Odyssey Logistics has had its debt rating upgraded by Moody’s Investors Service, with its commentary providing a small window into the current 3PL market.
There are few publicly traded 3PL companies; CH Robinson (NASDAQ: CHRW) is by far the biggest. And there aren’t many 3PLs with publicly traded debt that receive ratings from major rating agencies like Moody’s.
Conditions are good enough for Odyssey, which is owned by private equity firm The Jordan Co., that it led Moody’s to raise its rating for the company from B2 to B3, while its default rating probability is changed from B2-PD to B3-PD .
On specific debt issues, Odyssey’s senior secured debt was upgraded from B1 to B2 and second-tier senior secured debt was upgraded from Caa1 to Caa2.
Odyssey’s outlook for its debt rating has been listed as stable, meaning conditions are not in place for a further upgrade or downgrade to its rating.

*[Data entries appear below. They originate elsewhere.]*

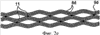 На фиг.2d в разрезе показана гофрированная металлическая пластина 8d, которая может работать аналогично описанным выше пластинам, но при этом предоставляет дополнительные возможности соединения в самых разных комбинациях для варьирования жесткости, как показано на фиг.2е, на которой изображено попарное соединение пластин 8d. Эта гофрированная структура может быть использована в орторадиальной или в радиальной версии в зависимости от кругового или радиального выполнения волнистости. В этом варианте реализации настоящего изобретения опоры 9d выполняют путем установления контакта между противоположными вершинами волнистых профилей соседних пластин. Несмотря на то, что деформация пластин 8d отличается от деформации в предыдущих вариантах выполнения, так как под действием усилия они выпрямляются вместо того, чтобы прогибаться, в данном варианте выполнения работа прокладки происходит аналогичным образом. Необходимо предпринимать меры предосторожности, чтобы избежать проскальзывания пластин 8d в тангенциальном направлении. Поэтому их можно закреплять вместе с опорами при помощи сварных швов 11, заклепок и т.д.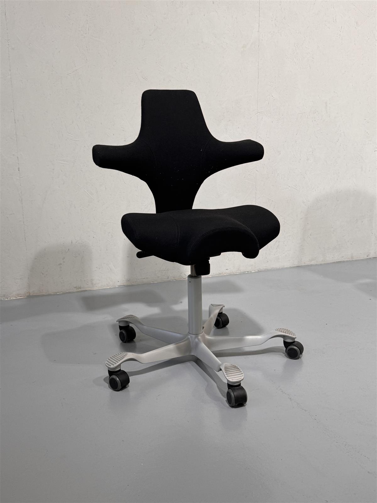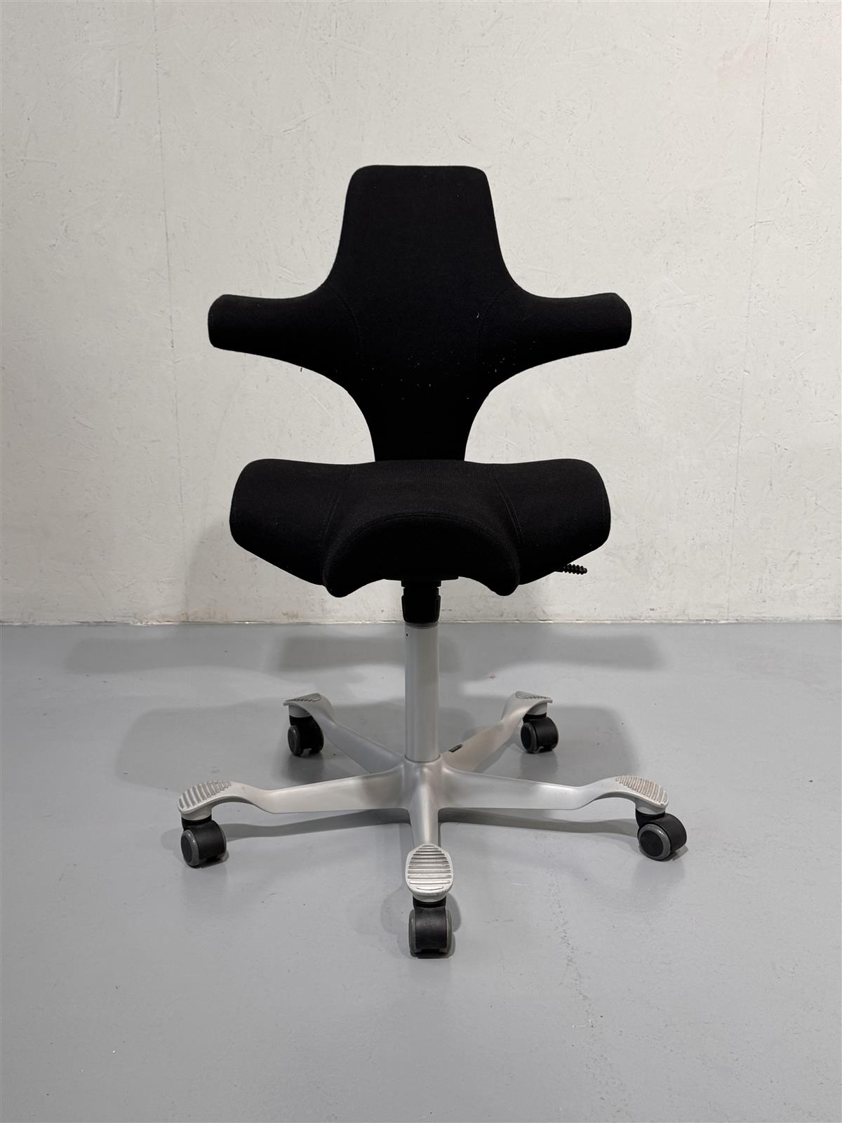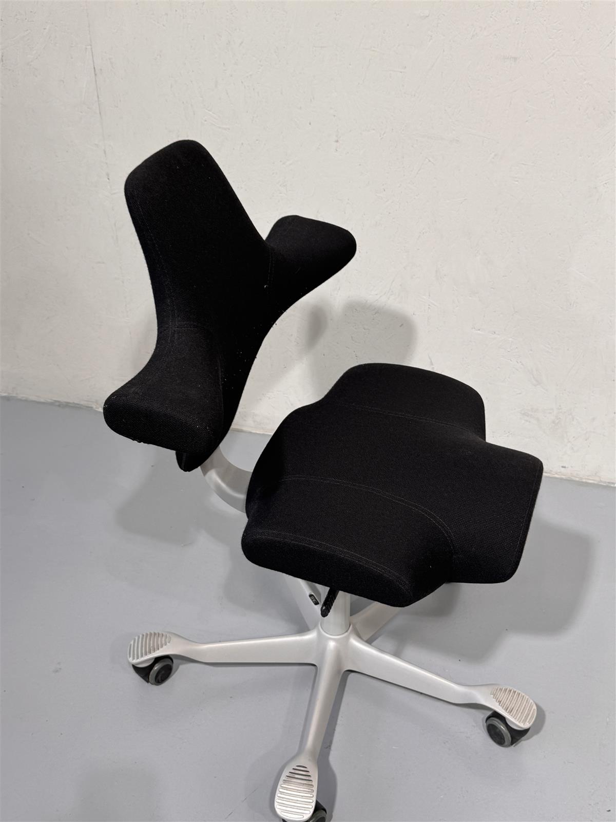 Ergonominen Håg Capisco työtuoli, joka on suunniteltu tarjoamaan optimaalista mukavuutta ja tukea pitkien työpäivien aikana. Musta kangasverhoilu ja hopeanvärinen jalusta luovat modernin ilmeen. Tuolissa on säädettävä istuinkorkeus ja selkänoja, mikä mahdollistaa monipuoliset istuma-asennot. Istuinkorkeus nousee jopa 68cm korkeuteen.
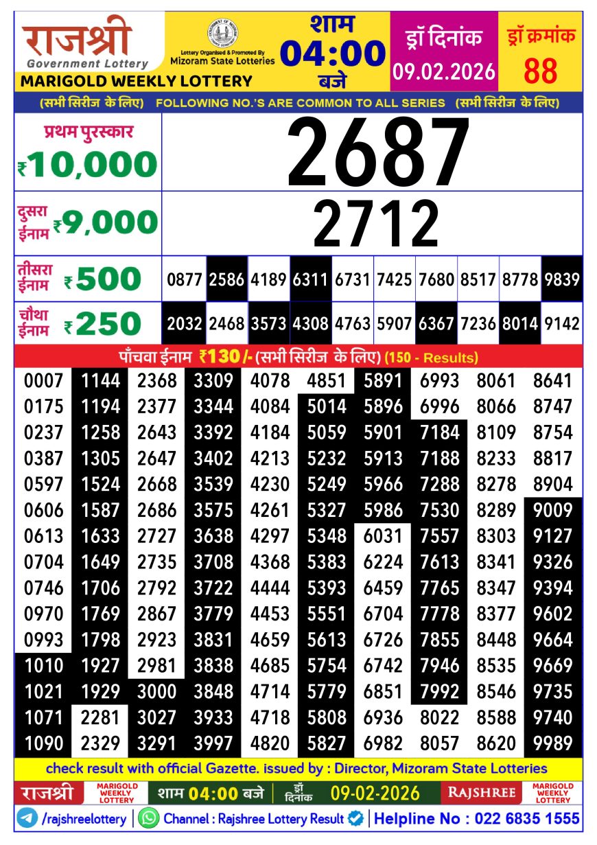 Rajshree Daily Lottery 4PM Result 09.02.2026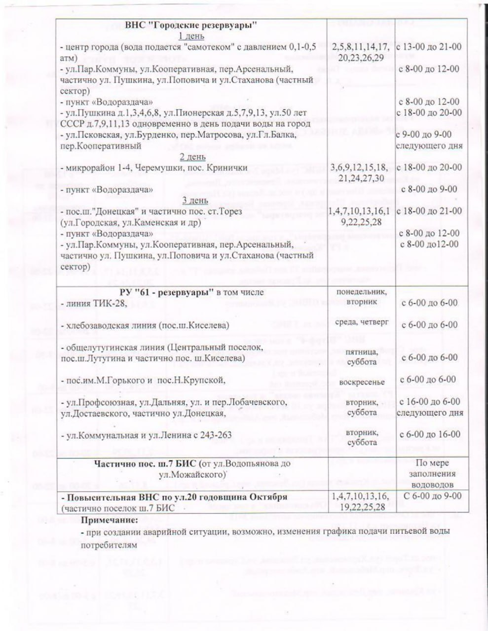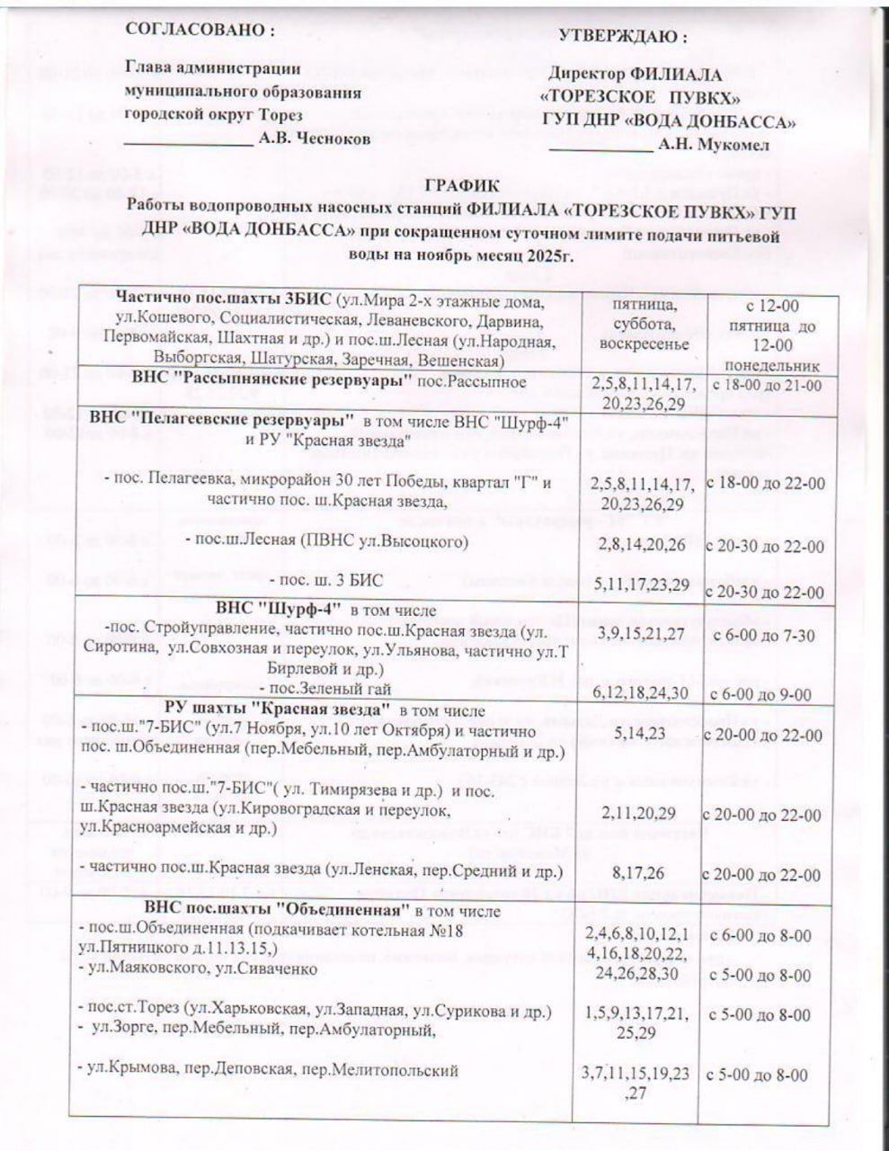 ГРАФИК работы водопроводных насосных станций ФИЛИАЛА «ТОРЕЗСКОЕ ПУBKX» ГУП ДНР «ВОДА ДОНБАССА» при сокращенном суточном лимите подачи питьевой воды на ноябрь 2025 года.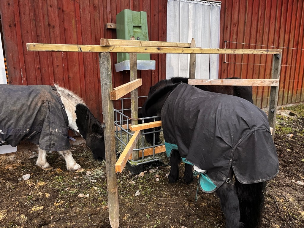 Så det har vi nu byggt en ”borg” så de kan äta utan att jaga bort varandra, och det funkar ganska bra. Assim surar lite med huvudet och småbits, men de andra kommer ändå åt att äta. Så detta verkar lovande ändå, jag tänker att det blir bättre när de vant sig lite. Och jag fodrar ju fortfarande ”manuellt” två gånger per dag och kan då ge dem var sin hö-hög om det behövs.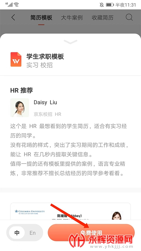 4、大学生(在校生或者毕业生)提供专属的求职招聘模板,不管是留学、实习、找工作都有针对性的引导和简历案例,让你的简历更充实更有竞争力。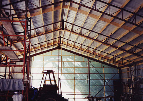 Metal storage building - inside truss and purlin framing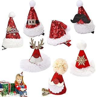 Mini Weihnachtsmütze Haarspange Nikolausmütze Haarklammern Glitter Haarspangen für Mädchen Weihnachten Hut Haar-Accessoires Haarspange für Weihnachten für Kinder Mädchen Frauen, 7 Stück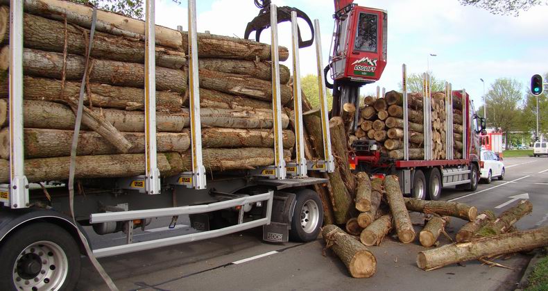 | Zwolle: vrachtwagenchauffeur verliest lading boomstammen na aanrijding met taxi |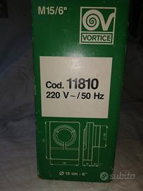 Ventilatore aspiratore aereatore da parete per tubo d. 15,5 cm Vortice originale modello M15/6" cod. 11810 temperatura max 40°C 220V 50Hz 50W. Misure 231 x 182 x 39 mm Articolo mai utilizzato, in confezione originale, residuo di magazzino da cessata attività di vendita.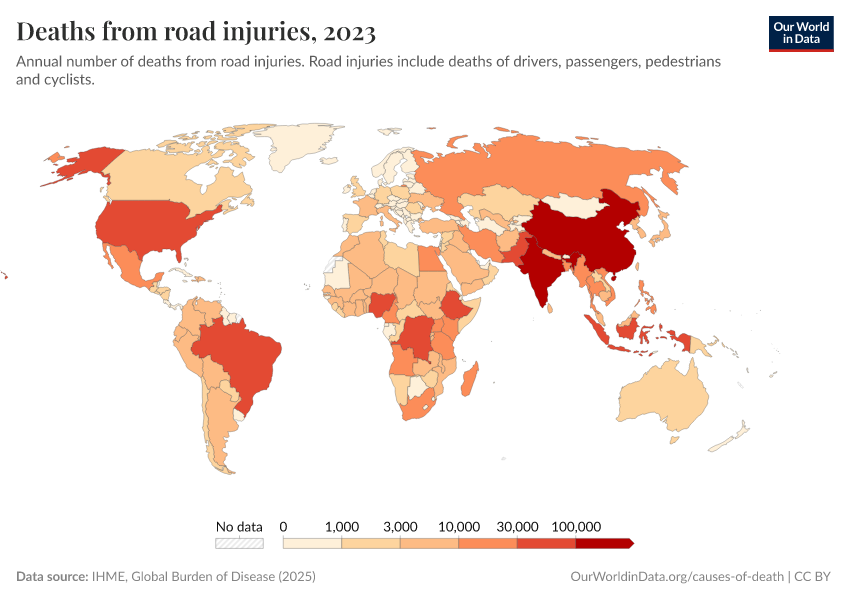 IHME, Global Burden of Disease (2024) – with minor processing by Our World in Data. “Deaths from road injuries” [dataset]. IHME, Global Burden of Disease, “Global Burden of Disease - Deaths and DALYs” [original data]. Retrieved September 17, 2025 from https://search-refactor-react-query.owid.pages.dev/grapher/number-of-deaths-from-road-injuries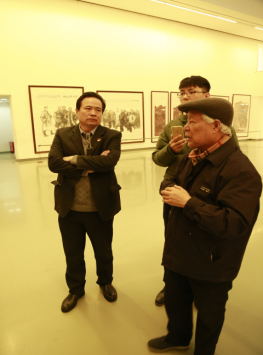 2017年1月5日上午,中国美术家协会主席、渭南师范学院特邀艺术顾问刘大为,著名艺术家、知名学者杨建果一行,在王俊杰教授陪同下兴致勃勃的参观了由渭南师范学院、俄罗斯莫斯科国立师范大学、泰国博仁大学主办的“使命•铁肩•热土——丝绸之路国家高校师生美术作品展”。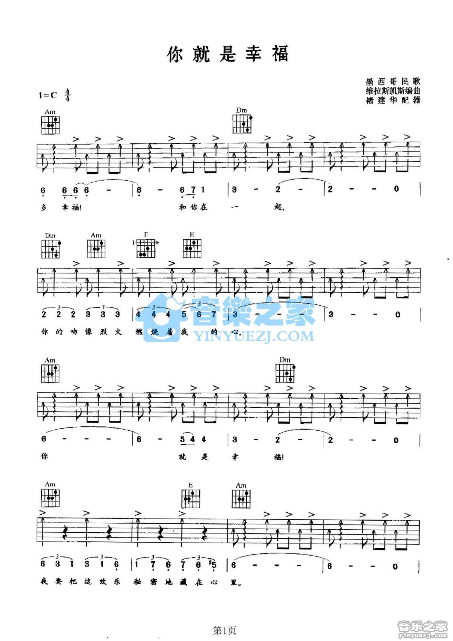 你就是幸福吉他谱 - 墨西哥民歌 - C调吉他弹唱谱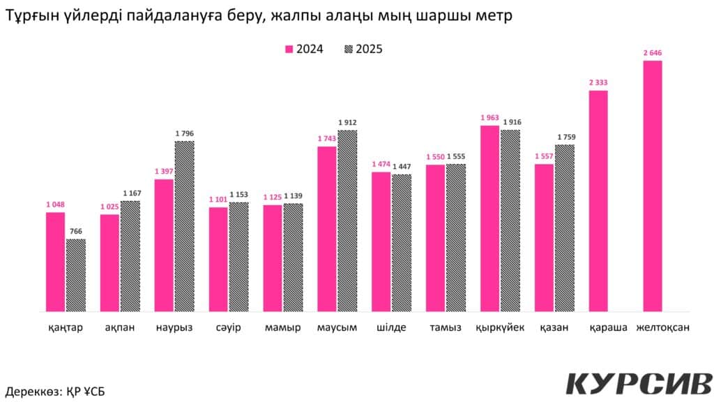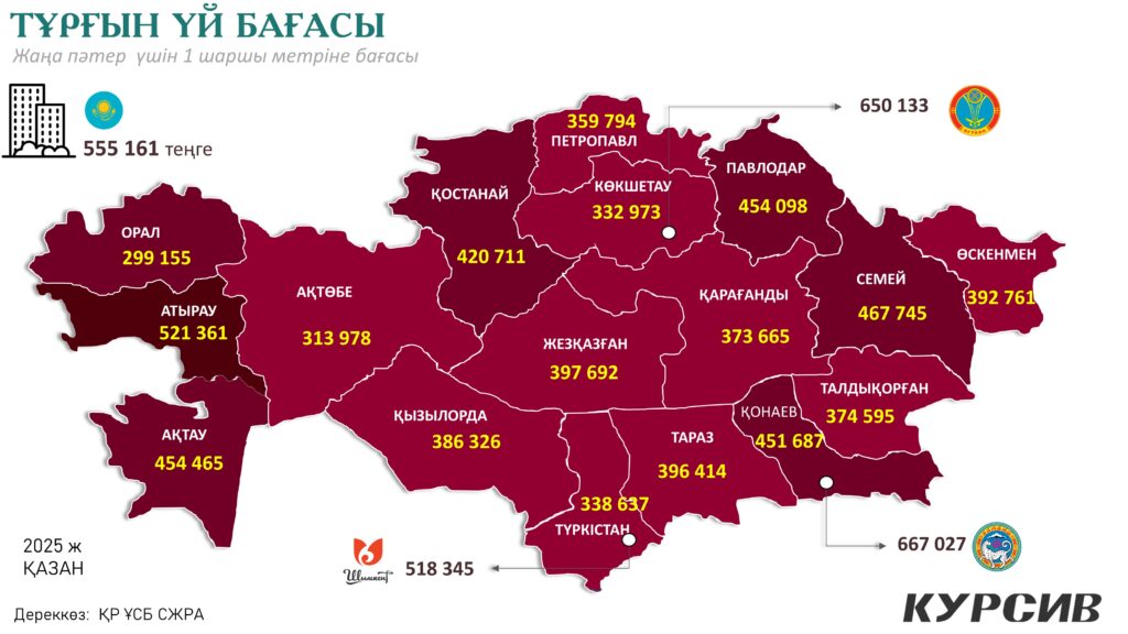 Тұрғын үй нарығының тағы бір маңызды көрсеткіші – баға. 2025 жылдың қазан айында жаңа тұрғын үйлердің бір шаршы метрі 555 161 теңгеге бағаланды, ал қайталама нарықтағы пәтерлердің бағасы 571 828 теңгені құрады. Бұл баға көрсеткіштері өткен жылмен салыстырғанда біршама өскенін байқатады, алайда нарықта сұраныс әлі де жоғары.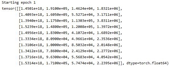 우선 데이터를 모두 텐서 형식으로 바꾸어 보았는데, 이렇게 바꾸고 나서 보니까, 일단 데이터의 형식은 제대로 사용할 수 있는 형식으로 바뀐 것을 확인할 수 있기는 있었습니다. 다만, 이 스크린샷을 찍은 시점까지도 기계학습은 제대로 돌아가지 않았습니다.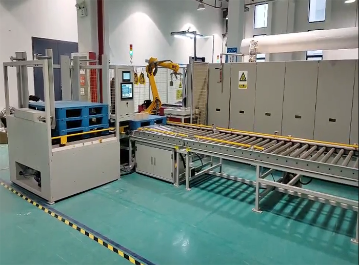4、出料处设计有栈板存储区,可储存4个栈板,栈板自动分离,单个传动,待存满后,人工统一下料,大大节省了人工下料时间。最终可实现整个系统12小时无人化运行。

With a family rating of B2, Odyssey’s debt is still deep in non-investment or “trash” territory. It is now five notches in non-investment territory. In contrast, CH Robinson’s debt rating was confirmed earlier this year at Baa2, which is investment grade and six notches higher than the last Odyssey rating.
Odyssey, which specializes in the brokerage of chemicals, metals and bulk liquids, has received three Moody’s shares in the past three years. In late August 2021, Moody’s changed Odyssey’s outlook from stable to negative. A year earlier, Odyssey had its B3 rating confirmed by Moody’s.
In its late August review, Moody’s said Odyssey’s debt-to-EBITDA ratio had “significantly improved” from a 7x ratio at the start of 2021 to a 4.3x ratio in June. “Higher volumes and freight rates over the past 12 months have supported Odyssey’s significant revenue and earnings growth,” the analysis said.
That revenue growth is expected to slow “significantly” to around 3% next year, “as general freight market conditions normalize from the past two years.” About half of Odyssey’s revenue is based on industrial activity, the report said, citing the chemicals and metals business. “Moody’s expects demand in these end markets to remain strong through 2022, but notes that these markets are more susceptible to lower volumes and earnings pressure during an economic downturn.”
And if those markets slow down, Moody’s said, “the operational efficiencies and cost reduction actions the company will take in 2022 will keep its EBITDA margin above 11%.” EBITDA margin is defined as a company’s operating profit as a percentage of revenue.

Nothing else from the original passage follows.